### Exercise requirements
Print the listing below only from the line that has "Botas negras caña" through the line that has "The paper explores", exactly, and drop any picture.

### Source material
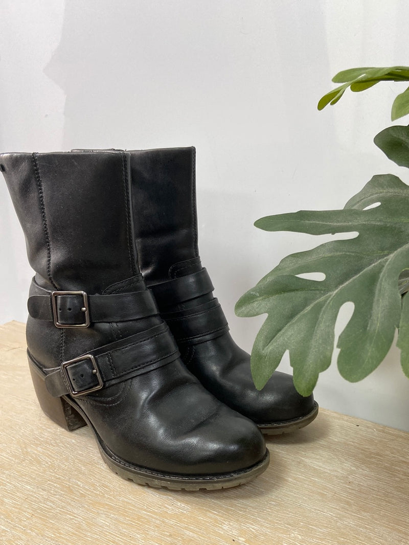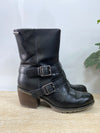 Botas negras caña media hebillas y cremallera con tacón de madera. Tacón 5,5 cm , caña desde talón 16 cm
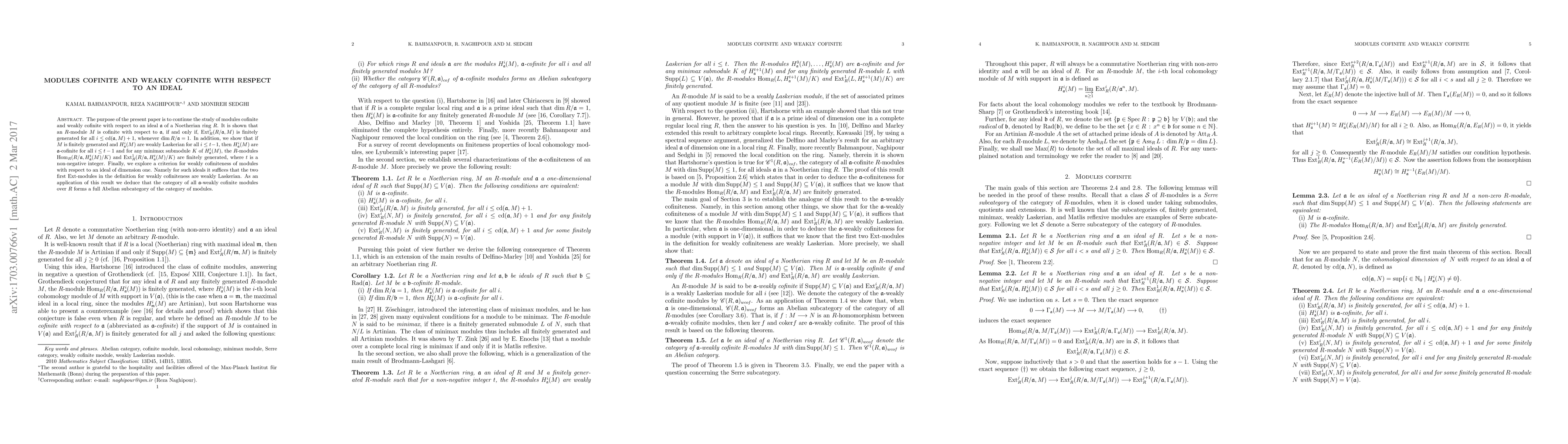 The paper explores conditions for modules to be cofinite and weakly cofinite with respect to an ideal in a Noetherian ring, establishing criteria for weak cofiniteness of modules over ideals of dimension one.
==
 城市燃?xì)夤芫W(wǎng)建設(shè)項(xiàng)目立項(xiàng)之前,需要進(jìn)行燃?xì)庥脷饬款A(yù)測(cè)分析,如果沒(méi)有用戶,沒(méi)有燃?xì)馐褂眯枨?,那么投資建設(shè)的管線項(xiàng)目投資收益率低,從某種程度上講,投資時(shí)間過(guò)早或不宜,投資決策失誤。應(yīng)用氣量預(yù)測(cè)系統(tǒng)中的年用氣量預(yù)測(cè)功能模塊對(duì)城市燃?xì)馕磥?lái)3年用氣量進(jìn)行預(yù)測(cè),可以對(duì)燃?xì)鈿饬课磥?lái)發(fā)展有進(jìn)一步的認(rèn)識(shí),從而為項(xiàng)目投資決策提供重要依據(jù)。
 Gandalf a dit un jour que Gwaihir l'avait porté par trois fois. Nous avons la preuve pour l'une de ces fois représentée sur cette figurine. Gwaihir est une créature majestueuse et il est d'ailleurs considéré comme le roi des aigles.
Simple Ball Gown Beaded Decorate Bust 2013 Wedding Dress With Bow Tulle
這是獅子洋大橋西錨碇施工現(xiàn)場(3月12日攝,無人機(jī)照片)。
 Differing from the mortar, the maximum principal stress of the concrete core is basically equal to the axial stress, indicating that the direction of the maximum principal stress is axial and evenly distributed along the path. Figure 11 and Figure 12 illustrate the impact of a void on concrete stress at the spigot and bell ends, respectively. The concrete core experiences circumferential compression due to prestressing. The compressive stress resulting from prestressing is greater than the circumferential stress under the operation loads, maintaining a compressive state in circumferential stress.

### Answer for this exercise
 Botas negras caña media hebillas y cremallera con tacón de madera. Tacón 5,5 cm , caña desde talón 16 cm
 The paper explores conditions for modules to be cofinite and weakly cofinite with respect to an ideal in a Noetherian ring, establishing criteria for weak cofiniteness of modules over ideals of dimension one.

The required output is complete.